Through its wholly-owned subsidiary, Apple Fund Management, LLC (“AFM”), the Company provides support services to Apple Six Realty Group (“A6RG”), Apple Suites Realty Group, Inc. (“ASRG”), A6A, Apple Seven Advisors, Inc. (“A7A”), Apple REIT Seven, Inc., Apple Eight Advisors, Inc. (“A8A”), Apple REIT Eight, Inc., Apple Nine Advisors, Inc. (“A9A”), Apple REIT Nine, Inc., Apple Ten Advisors, Inc. (“A10A”) and Apple REIT Ten, Inc. A7A provides day to day advisory and administrative functions for Apple REIT Seven, Inc. A8A provides day to day advisory and administrative functions for Apple REIT Eight, Inc. A9A provides day to day advisory and administrative functions for Apple REIT Nine, Inc. A10A provides day to day advisory and administrative functions for Apple REIT Ten, Inc. A6RG provides real estate brokerage services to the Company. ASRG provides real estate brokerage services to Apple REIT Seven, Inc., Apple REIT Eight, Inc., Apple REIT Nine, Inc. and Apple REIT Ten, Inc.

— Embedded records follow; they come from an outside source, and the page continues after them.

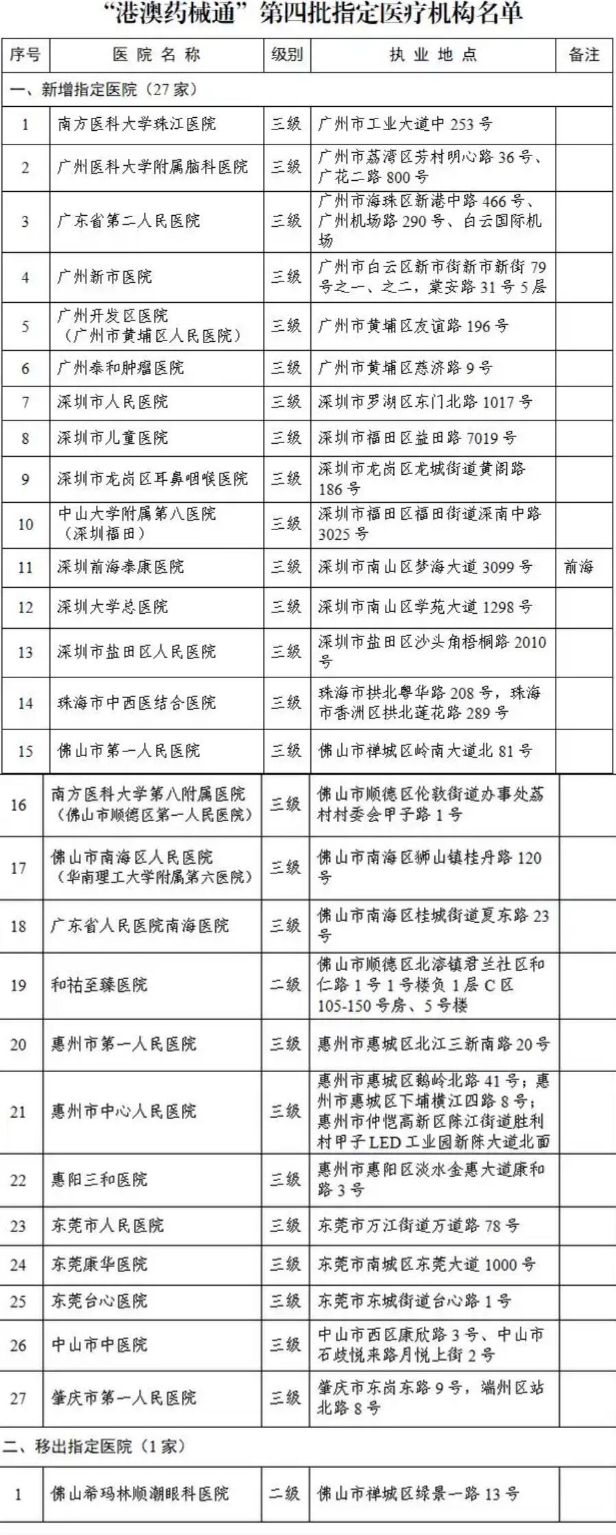人民财讯12月8日电,广东省卫生健康委员会、广东省药品监督管理局发布通知,根据国家《粤港澳大湾区药品医疗器械监管创新发展工作方案》(国市监药〔2020〕159号)和推进“港澳药械通”实施计划,依据相关法规规定,通过地市评估上报,经审核确定粤港澳大湾区“港澳药械通”第四批指定医疗机构名单,包括新增27家、移出1家。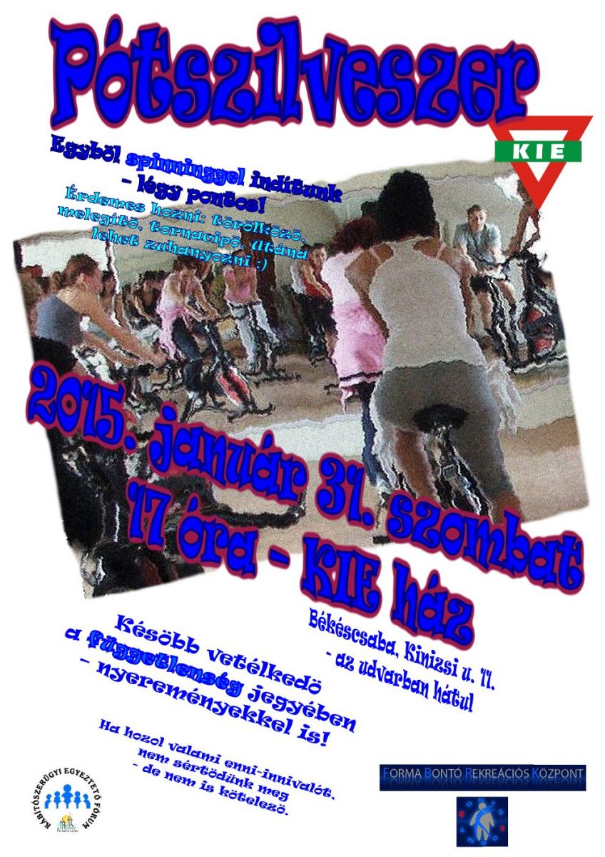 Január 31. szombat. 17 óra, KIE ház. Partnerünk a Forma Bontó Rekreációs Központ - úgyhogy egyből spinninggel kezdjük a programot - légy pontos! Érdemes hozni: törölköző, melegítő, tornacipő. Utána lehet zuhanyozni :)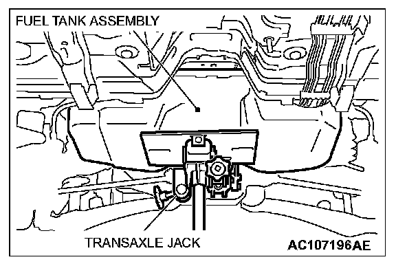 CAUTION: Support the fuel tank assembly securely so that it does not fall off from the transaxle jack.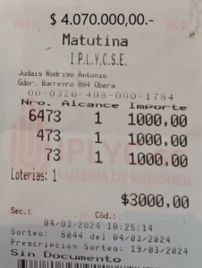 Una semana realmente espectacuar en materia de aciertos tuvo la tradicional Agencia 320, de Rodrigo Antonio Judais, de la localidad de Oberá. Hoy nos toca referirnos a dos aciertos a las cuatro, tres y dos cifras por vía del 6473 (El rengo), con una recompensa final de 6.105.000,00 pesos. Esto sucedió en el sorteo de la Quiniela Matutina del lunes 4 de marzo.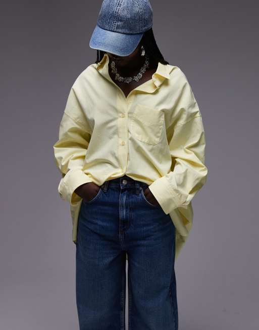 Topshop – Cytrynowa popelinowa koszula super oversize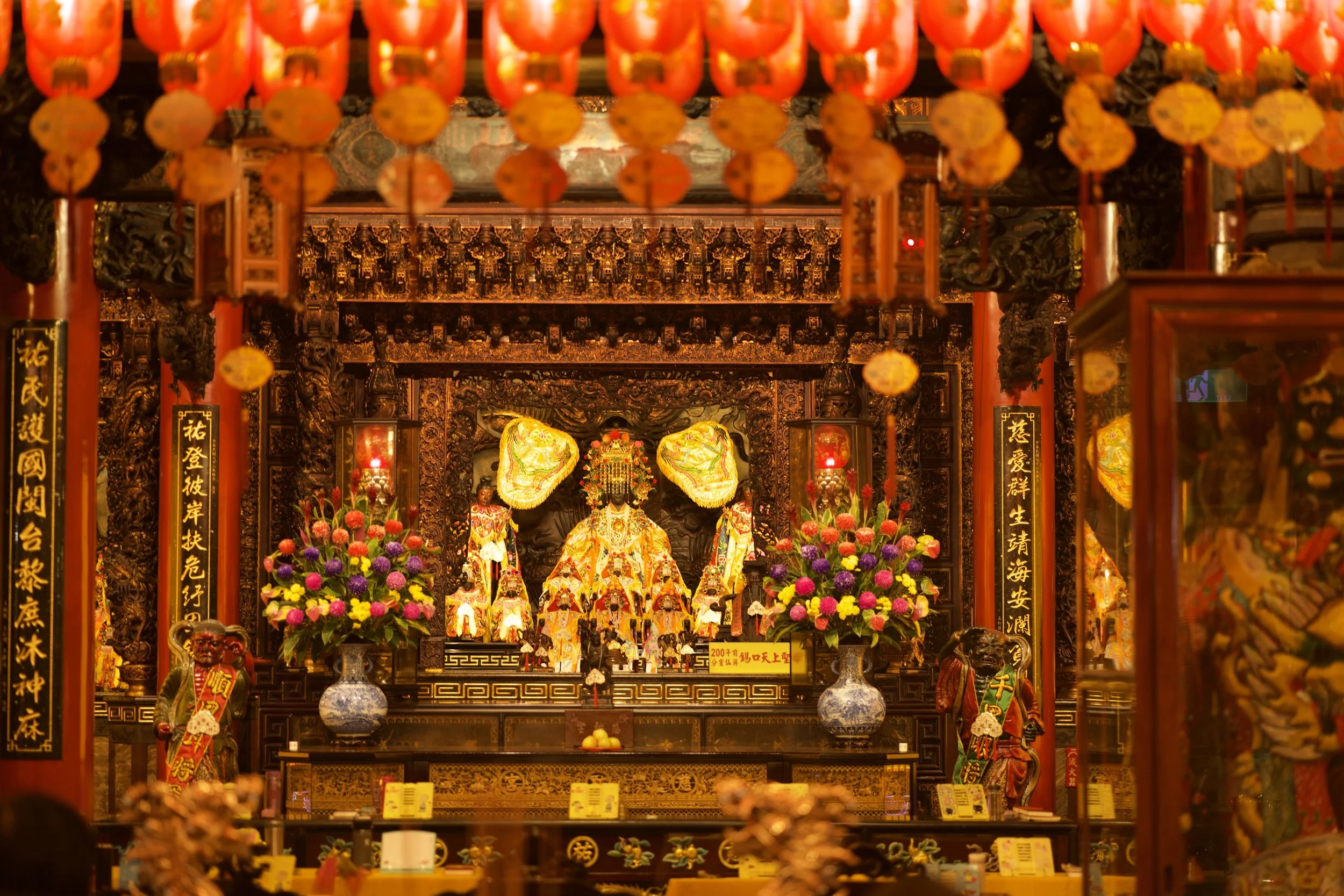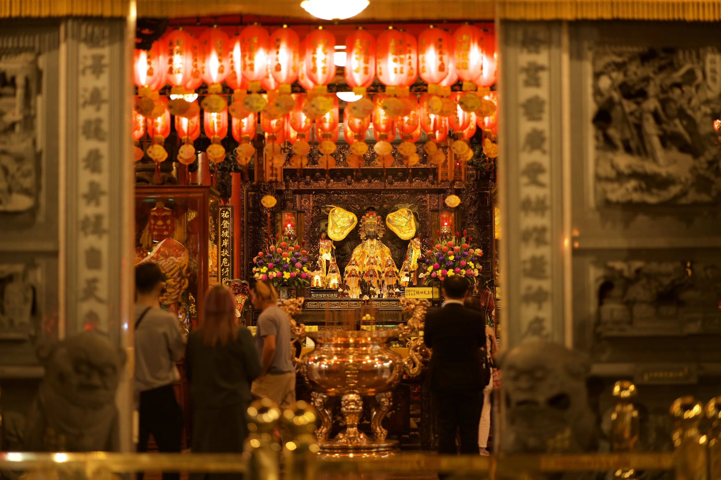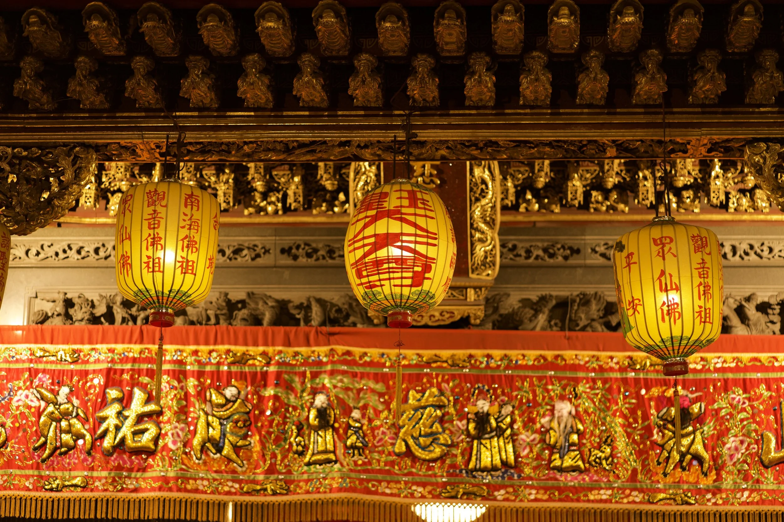 Ich starte starte mit dem Longshan Tempel, mit seinen reich verzierte Dächern, Drachenfiguren und diesen ganzen Laternen. Tatsächlich ist er einer der ältesten und bekanntesten Tempel Taiwans. Er wurde 1738 von chinesischen Einwanderern erbaut und ist vor allem der Göttin der Barmherzigkeit gewidmet. Der Longshan verbindet buddhistische, taoistische und volkstümliche Glaubensrichtungen und ist bis heute ein lebendiger Ort des Gebets, nicht nur eine Touristenattraktion.Und natürlich finde ich hier auch eine große Schale mit rot lackierten Holzstückchen, die wie kleine Bananen aussehen. Ich kenne diese Bananen, die eigentlich "Mondblöcke" heißen. Sie dienen den Gläubigen zur Befragung von Gottheiten, also der direkten Kommunikation mit einer spirituellen Instanz im Jenseits.

Each of these companies has agreed to reimburse the Company for its costs in providing these services. A6RG, ASRG, A6A, A7A, A8A, A9A, and A10A (collectively the “Advisors”) are 100% owned by Glade Knight, the Company’s Chairman and Chief Executive Officer. For the three months ended March 31, 2013 and 2012, the Company received reimbursement of its costs totaling $1.9 million for each period from the participating entities. The Company’s net allocated cost for these support services was approximately $0.5 million and $0.3 million for the three months ended March 31, 2013 and 2012. As part of this arrangement, the day to day transactions may result in amounts due to or from the noted related parties. To effectively manage cash disbursements, the individual companies may make payments for any or all of the related companies. The amounts due to or from the related companies are reimbursed or collected and are not significant in amount.
 
Although there is a potential conflict on time allocation of personnel due to the fact that a senior manager, officer or staff member will provide services to more than one company, the Company believes that the executives and staff compensation sharing arrangement allows the companies to share costs yet attract and retain superior executives and staff. The cost sharing structure also allows each entity to maintain a much more cost effective structure than having separate staffing arrangements. Amounts reimbursed to the Company include both compensation for personnel and “overhead” (office rent, utilities, benefits, office supplies, etc.) utilized by the companies. AFM receives its direction for staffing and compensation from the Advisors. Since the employees of AFM may also perform services for the Advisors, individuals, including executive officers, have received and may receive consideration directly from the Advisors. The allocation of costs is made by the management of the REITs and is reviewed at least annually by the Compensation Committees of the REITs. In making the allocation, management and the Compensation Committee consider all relevant facts related to the Company’s level of business activity and the extent to which the Company requires the services of particular personnel. The costs allocated are actual costs and do not include any profit/markup for the Company. Such payments are not based on formal record keeping regarding the time these personnel devote to the Company, but are based on a good faith estimate by the employee and/or his or her supervisor of the time devoted by the employee to each company.
 
In addition to owning the Advisors discussed above, Mr. Knight is Chairman and Chief Executive Officer of Apple REIT Seven, Inc., Apple REIT Eight, Inc., Apple REIT Nine, Inc. and Apple REIT Ten, Inc.  Members of the Company’s Board of Directors are also on the boards of Apple REIT Seven, Inc., Apple REIT Eight, Inc. and Apple REIT Nine, Inc.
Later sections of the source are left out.